-------------------------------------------------------------------------------
help for senspec                                                 (Roger Newson)
-------------------------------------------------------------------------------

Sensitivity and specificity results saved in generated variables

senspec refvar classvar [if exp] [in range] [, posif(relational_operator) sensitivity(newvarname) specificity(newvarname) fpos(newvarname) fneg(newvarname) ntpos(newvarname) ntneg(newvarname) nfpos(newvarname) nfneg(newvarname) float ]

where refvar and classvar ar names of an existing numeric reference variable and an existing numeric classification variable, respectively, and relational_operator may be any one of the relational operators >, <, >= or <=.

aweights, fweights, iweights, and pweights are allowed, and are all treated in the same way. See help for weights.

Description

senspec inputs a reference variable with two values and a quantitative classification variable. It creates, as output, a set of new variables, containing, in each observation, the numbers and/or rates of true positives, true negatives, false positives and false negatives observed if the classification variable is used to define a diagnostic test, with a threshold equal to the value of the classification variable for that observation. The two variables refvar and classvar must be numeric. The reference variable refvar indicates the true state of the observation, such as diseased and non-diseased, or normal and abnormal. It must have only 2 values, for example 0 and 1, of which the lower value identifies negative observations and the higher value identifies positive observations. The rating or outcome of the diagnostic test is recorded in classvar, which must be at least ordinal. senspec is similar to roctab, but produces output variables instead of plots and listings, so that users can create plots and listings in their own chosen formats.

Options

posif(relational_operator) specifies one of the 4 relational operators >, <, >= or <=. These relational operators specify that a positive test result is defined as a value of the classification variable above the threshold, below the threshold, at or above the threshold, or at or below the threshold, respectively. If posif() is not specified, then >= is assumed, and the test is assumed to have a positive result if and only if the classification variable is at or above the threshold.

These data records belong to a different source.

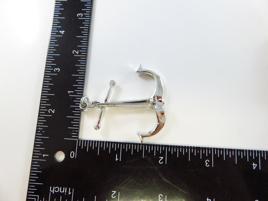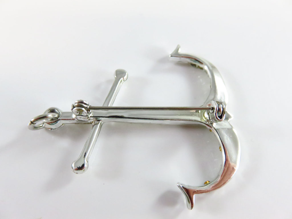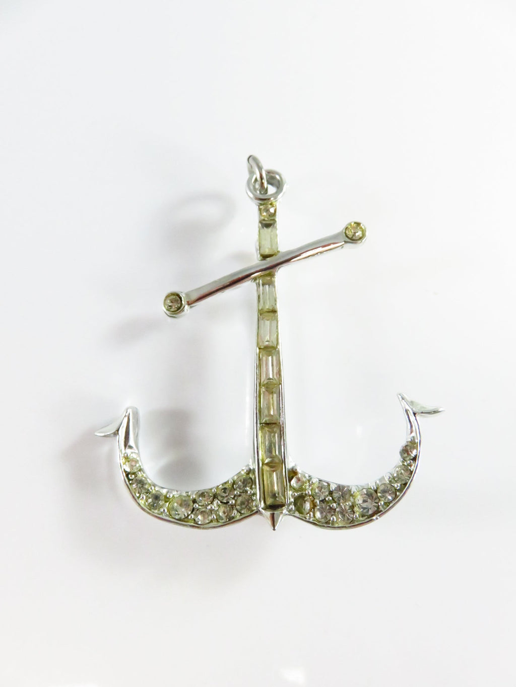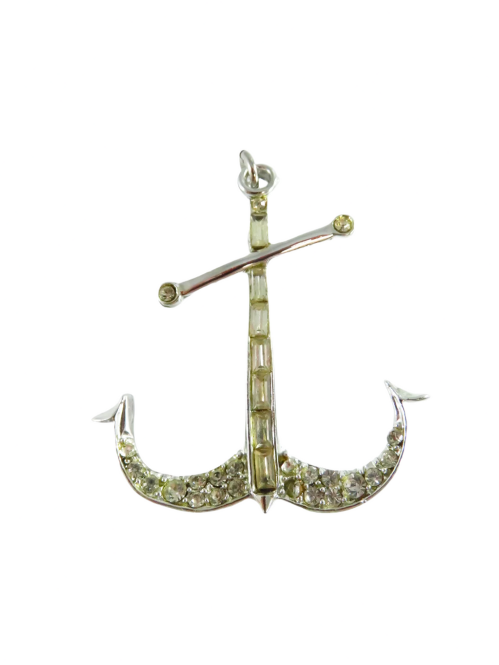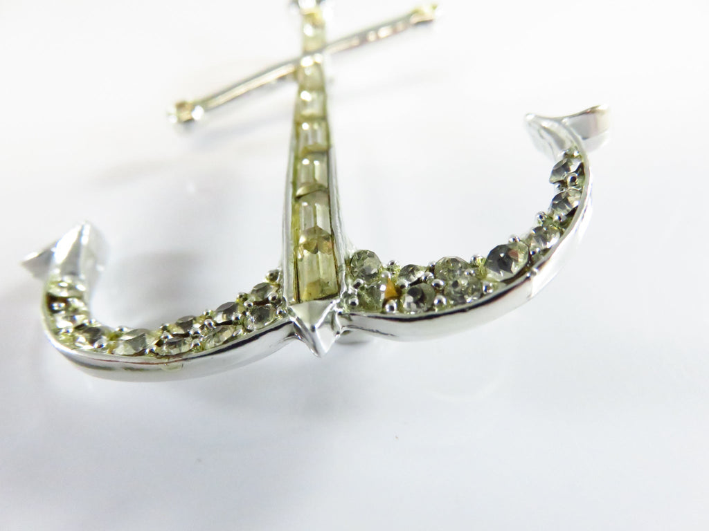 c1940 Rhinestone Anchor Brooch Pendant Emerald & Round Cut in Gift Box
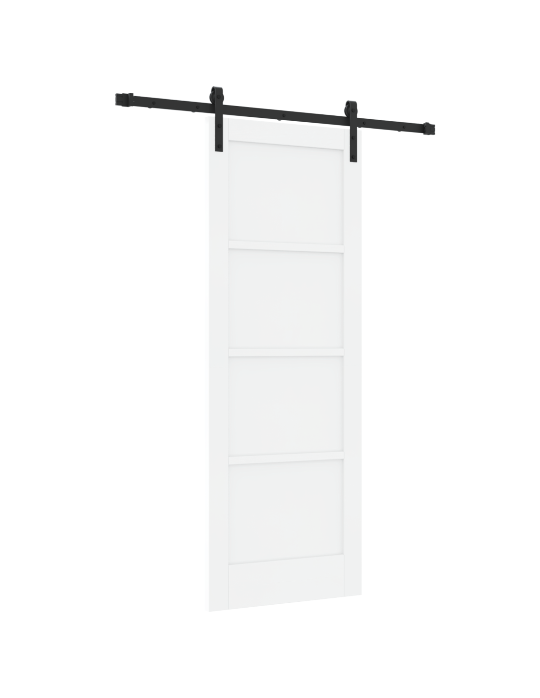 - Materiali: Questa porta scorrevole è fatta di legno massello di pino di alta qualità, che porta calore e durata. Il legno scelto garantisce un aspetto naturale che si adatta a qualsiasi interno, mentre elementi in compensato e acciaio verniciato aumentano la resistenza e la longevità. Questi materiali offrono stabilità e resistenza all'usura quotidiana.
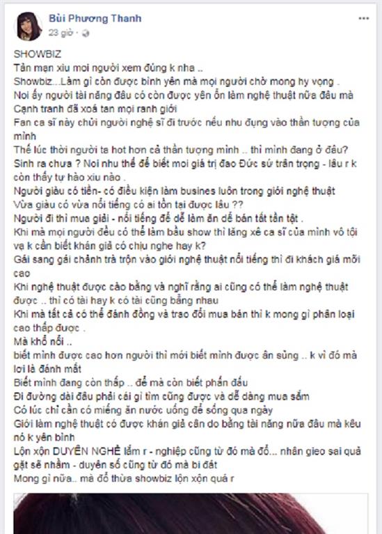 Trên facebook cá nhân của mình, nữ ca sĩ Phương Thanh đã có một chia sẻ về thực trạng của showbiz Việt hiện nay khiến cho nhiều người quan tâm. Trong đăng tải của mình, Phương  Thanh đã không ngần ngại bày tỏ quan điểm của mình về các góc khuất của giới nghệ thuật mà từ lâu nó chỉ như một điều bí ẩn đối với khán giả. Những tâm sự quá thật của Phương Thanh khiến cho nhiều người phát "sốc".
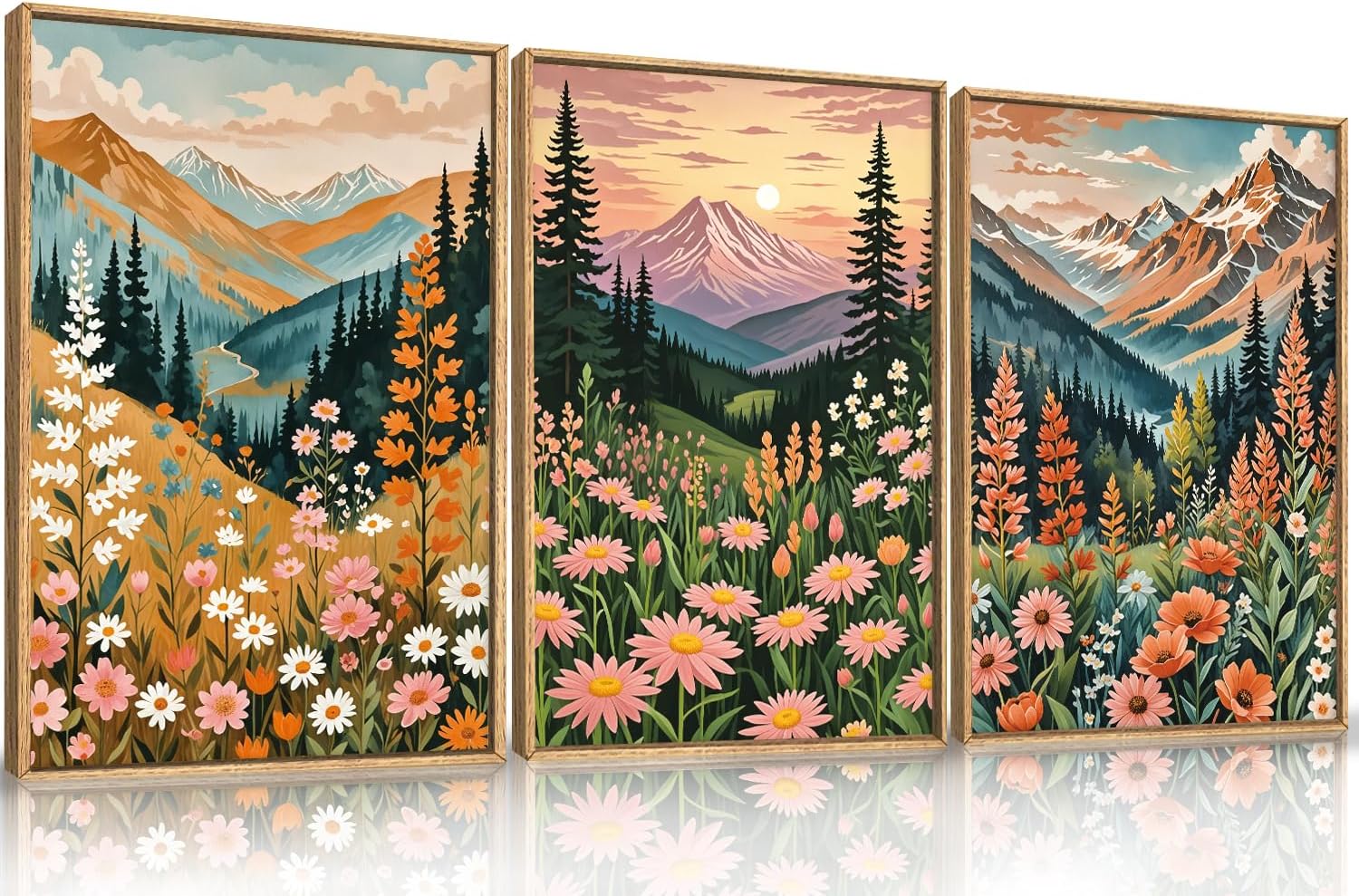 HPINUB Mountain Sunset Floral Framed Canvas Wall Art Set,Colorful Wildflower Daisy Flower Wall Decor,Boho Blossom Botanical Artwork Modern Nature Landscape Art Print for Living Room,Bedroom-16 x24 x3
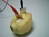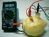 1. Using an electric string link the voltmeter red pole string to the copper electrode. 2. With other string link the voltmeter black pole (COM) to the zinc electrode. 3. Stick the two electrodes in the lemon. (The electrodes shouldn't touch each other. You can verify that the voltmeter indicates a potential near 1 V. You can use this energy source to supply a digital clock) |
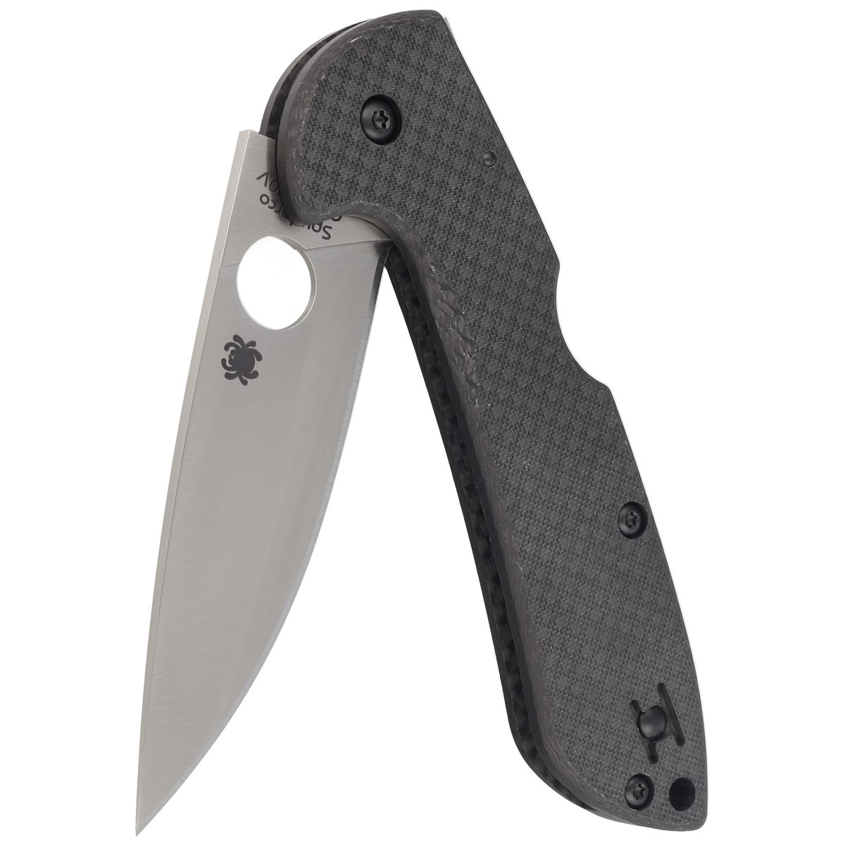 Głownia - smukła i ostra Drop Point z gładkim ostrzem Plain z eleganckim, satynowym wykończeniem klingi. Całkowicie płaski szlif (Full Flat Grind), zapewnia wyjątkową geometrię krawędzi. Powiększone 14 mm wycięcie SpyderHole (patent Spyderco) do oburęcznego otwierania kciukiem. Głęboki index-finger choil, podcięcie pod palec wskazujący dla kontroli uchwytu foldera a także ochrony palca przed zsunięciem się na ostrze.
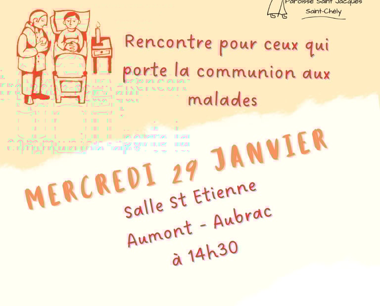 Toutes les personnes qui apportent la communion aux malades à domicile, ou qui souhaitent rendre ce service, sont invitées à une rencontre organisée par la Paroisse le mercredi 29 janvier de 14h30 à 16h à la salle Saint-Étienne d’Aumont. Cette rencontre a pour but d’encourager ce service, et aussi de donner quelques conseils pratiques. Nous finirons par le partage du goûter.
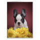Frenchie - cachorrinho francês com flores amarelas em fundo vermelho
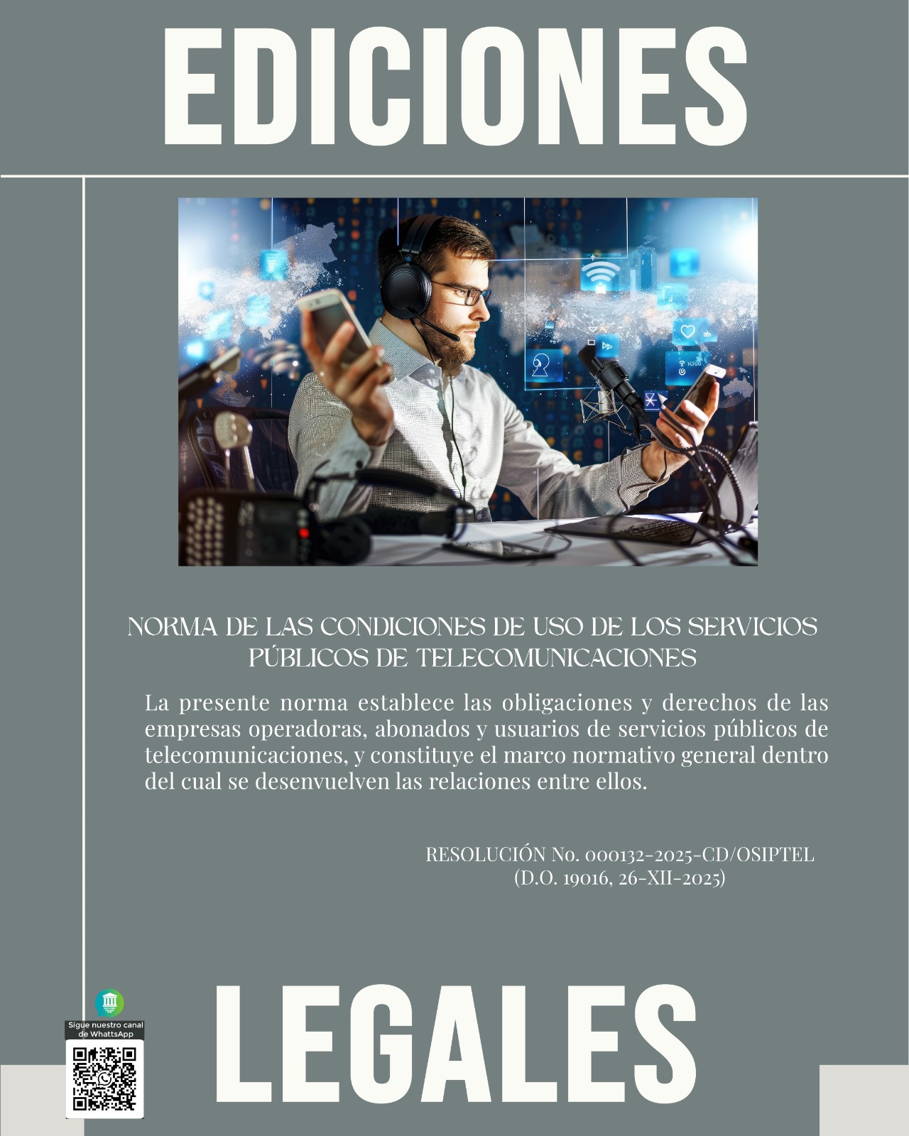 La presente norma establece las obligaciones y derechos de las empresas operadoras, abonados y usuarios de servicios públicos de telecomunicaciones, y constituye el marco normativo general dentro del cual se desenvuelven las relaciones entre ellos. RESOLUCIÓN No. 000132-2025-CD/OSIPTEL (D.O. 19016, 26-XII-2025)
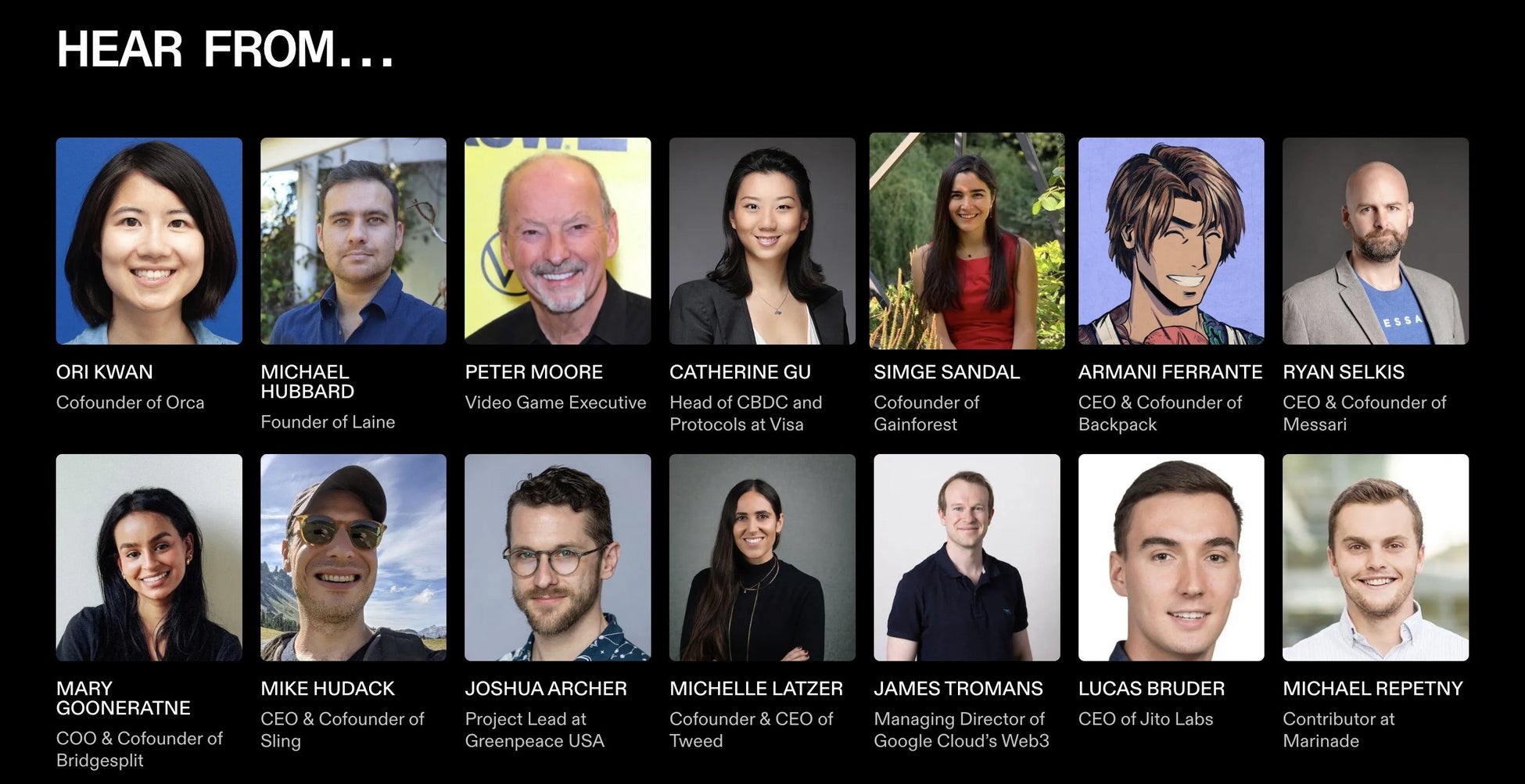 豪華スピーカー陣が Google Cloud、Visa、Star Atlas、Messari などから参加し、AI と DeFi の交差点、暗号規制のコンプライアンス、リアルワールドアセット(RWA)のオンチェーン化など多岐にわたるトピックについてのパネルが開催されます。
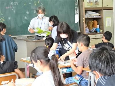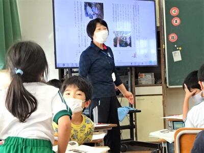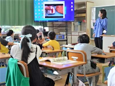 【1年生】1枚目と2枚目の写真は、国語の時間の様子です。「うみのかくれんぼ」の学習が終わり、今度は自分たちが図鑑や読み物などから他の生き物の隠れ方を調べていくのです。これまでの国語の学習の成果を活かして、何がどこに、どのようにして隠れるか、観点を絞って調べていました。
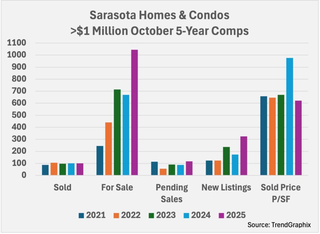 - The Sarasota market had 1,590 new listings in the past month. The market averaged 1,485 new listings monthly this year, 1,391 in 2024, 1,318 in 2023 and 904 in 2022.
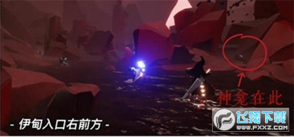 从起点管道进入后,沿右下方向前进,就能在一处隐蔽的石壁旁找到神坛。
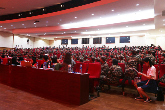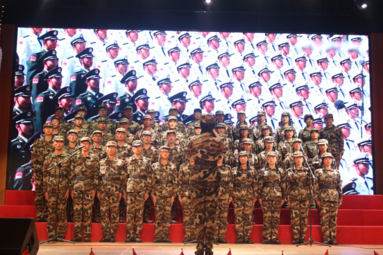 晚会最后的拉歌环节更是令现场气氛欢乐无比。军训教官分为两组,带领自己带训的新生,分别合唱了《歌唱祖国》和《强军战歌》。两首歌曲在全体新生的演奏下,铿锵有力,气势磅礴!现场传来一阵阵掌声。
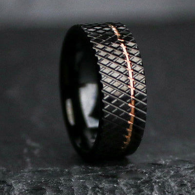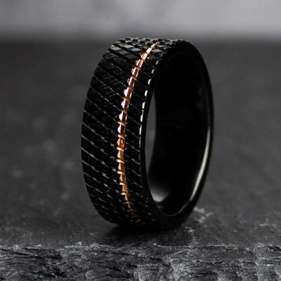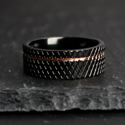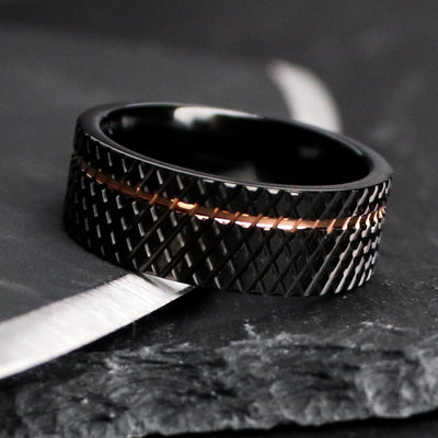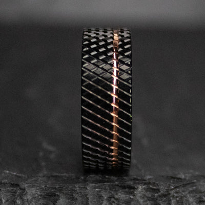 This brutalist men's wedding band features a black knurled exterior, with an offset rose gold inlay.

sensitivity(newvarname) specifies the name of a new variable to be generated, containing, in each observation, the sensitivity of the diagnostic test if the threshold is equal to the value of the classification variable in that observation.

specificity(newvarname) specifies the name of a new variable to be generated, containing, in each observation, the specificity of the diagnostic test if the threshold is equal to the value of the classification variable in that observation.

fpos(newvarname) specifies the name of a new variable to be generated, containing, in each observation, the false positive rate of the diagnostic test if the threshold is equal to the value of the classification variable in that observation.

fneg(newvarname) specifies the name of a new variable to be generated, containing, in each observation, the false negative rate of the diagnostic test if the threshold is equal to the value of the classification variable in that observation.

ntpos(newvarname) specifies the name of a new variable to be generated, containing, in each observation, the number of true positives (weighted if weights are specified) if the threshold is equal to the value of the classification variable in that observation.

ntneg(newvarname) specifies the name of a new variable to be generated, containing, in each observation, the number of true negatives (weighted if weights are specified) if the threshold is equal to the value of the classification variable in that observation.

nfpos(newvarname) specifies the name of a new variable to be generated, containing, in each observation, the number of false positives (weighted if weights are specified) if the threshold is equal to the value of the classification variable in that observation.

nfneg(newvarname) specifies the name of a new variable to be generated, containing, in each observation, the number of false negatives (weighted if weights are specified) if the threshold is equal to the value of the classification variable in that observation.

float specifies that the derived variables specified by the sensitivity(), {cmf:specificity()}, fpos() and fneg() options will have storage type no higher than float. If float is not specified, then these derived variables will be created initially as type double. Whether or not float is specified, the derived variables are compressed to the lowest numeric storage type possible without loss of information.

Equations and formulas

senspec starts by calculating the numbers (or weighted numbers, if weights are specified) of true positives, true negatives, false positives and false negatives. THese are stored in variables that may be saved for future use by the ntpos(), nfpos(), ntneg() and nfneg() options, respectively. These variables are created as type double if aweights, pweights or aweights are specified, or as type long if fweights or no weights are specified, and are compressed to the lowest numeric storage type possible without loss of information. senspec then calculates any derived variables requested by the options sensitivity(), {cmf:specificity()}, fpos() and fneg(), using the following formulas:

sensitivity=ntpos/(ntpos+nfneg)

specificity=ntneg/(ntneg+nfpos)

fpos=nfpos/(ntneg+nfpos)

fneg=nfneg/(ntpos+nfneg)

The user can calculate other results using other formulas by specifying the options ntpos(), nfpos(), ntneg() and nfneg(), and then generating further variables from the new variables. Confidence intervals for the area under the specificity-sensitivity (or ROC) curve can be calculated using the somersd package, downloadable from SSC. The somersd package offers a choice of normalizing and/or variance-stabilizing transformations, the ability to adjust for clustering, and the ability to calculate differences between ROC areas for two alternative classification variables using lincom. (See Newson, 2002.)

Examples

. senspec foreign mpg, sensitivity(sens1) fpos(fpos1) . scatter sens1 fpos1, sort(fpos sens1) connect(L) mlab(mpg)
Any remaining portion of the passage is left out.